Last Updated 30 December 2019, 02:16 IST

Gone are the days when offline stores were the only stops to shop for consumers, with no channel dilemma to deliberate over.

The present-day, it cannot be ignored that the proliferation of the online channel has changed the game. What would be exciting now, is to see how the retailers plan to play by the new rules.

According to India Business of Fashion report 2019, physical stores or offline channels accounts for the ‘elephant’ share of 92.8% in the total fashion market revenue in India. Top names like Titan, Big Bazaar, Reliance Trends, Shopper’s Stop and Westside are some prime examples of big fashion retailers striving to ride the elephant. Taneira, the ethnic clothing brand from Titan, is on its way to open 50 stores in the top 20 towns in the next five years. Zara currently has 22 nationwide outlets while H&M operates 46 stores all over the country.

The increasing number of stores as a conscious decision on the part of the retailers in India reflects the need and importance of strengthening their physical presence in the market. However, the growing online fashion market pushed by favouring logistics and demographics has compelled the fashion retailers to examine their business strategy.

From $26.9 billion in 218, the online retail market in India is expected to reach $84.6 billion by 2023, while the online fashion market in India is expected to touch $14 billion by 2020.

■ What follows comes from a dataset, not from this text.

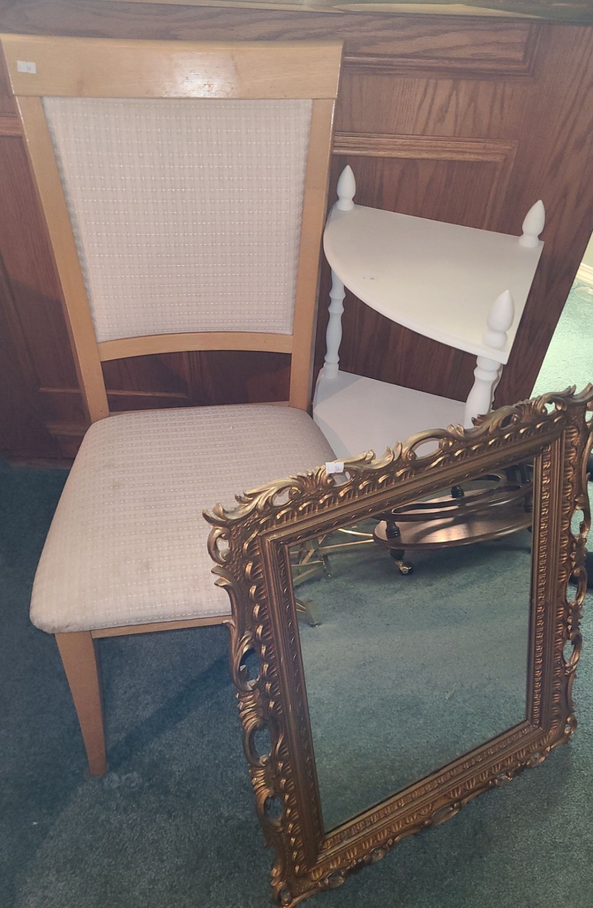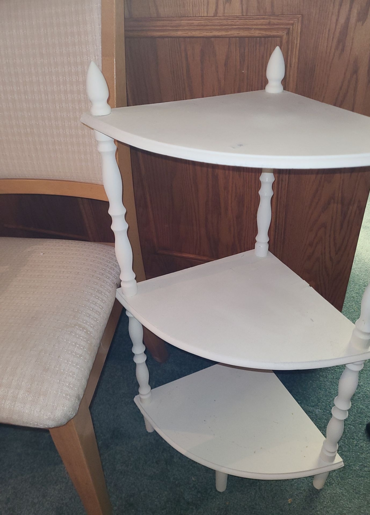 Chair 18 W, 17 D, 30.5 T, Corner Shelf 18.5 W, 12.5 D, 31 T, Mirror 22.5 X 26.5

In what could be called a shred of evidence suggesting massive outreach in the country, online sales festival by Amazon and Flipkart recorded orders from 99.4% of pin codes in the country.

Internet penetration is also termed an important facet to understand the growing consumer base in the online channel — from 524.9 million in 2013, the number of mobile phone users in the country currently stands at 813.2 million (CAGR of 7.57% as against the world’s average of 3.05%), while from 2015 to 2019, the number of internet users in India has doubled from 259.8 million to 525.3 million respectively.

Furthermore, online shopping spending figure of Rs 12,800 per person per year in the country is projected to almost double to Rs 25,138 by 2030; Apparel continues to remain one of the favourite online shopped categories for Indian customers.

Preferences, process transparency, control, convenience and pricing economics are some of the other reasons, the report mentions, that have guided the Indian fashion market over the years, and continue to do so.

Stating that the Indian story for department stores has been bumpier than smooth, the report explains that growth for some key offline stores like Shoppers Stop, Westside, Pantaloon etc. at best matches the growth of overall organised retail in India, while it could be much higher given that the format was an easy favourite.

“Going forward, if offline stores wish to remain relevant to the consumers and grow, they are required to transition to become an experience and service-driven format. The stores also need to rethink and reinvent on the lines of stimulation, selection, satisfaction, contact and connect,” says the report.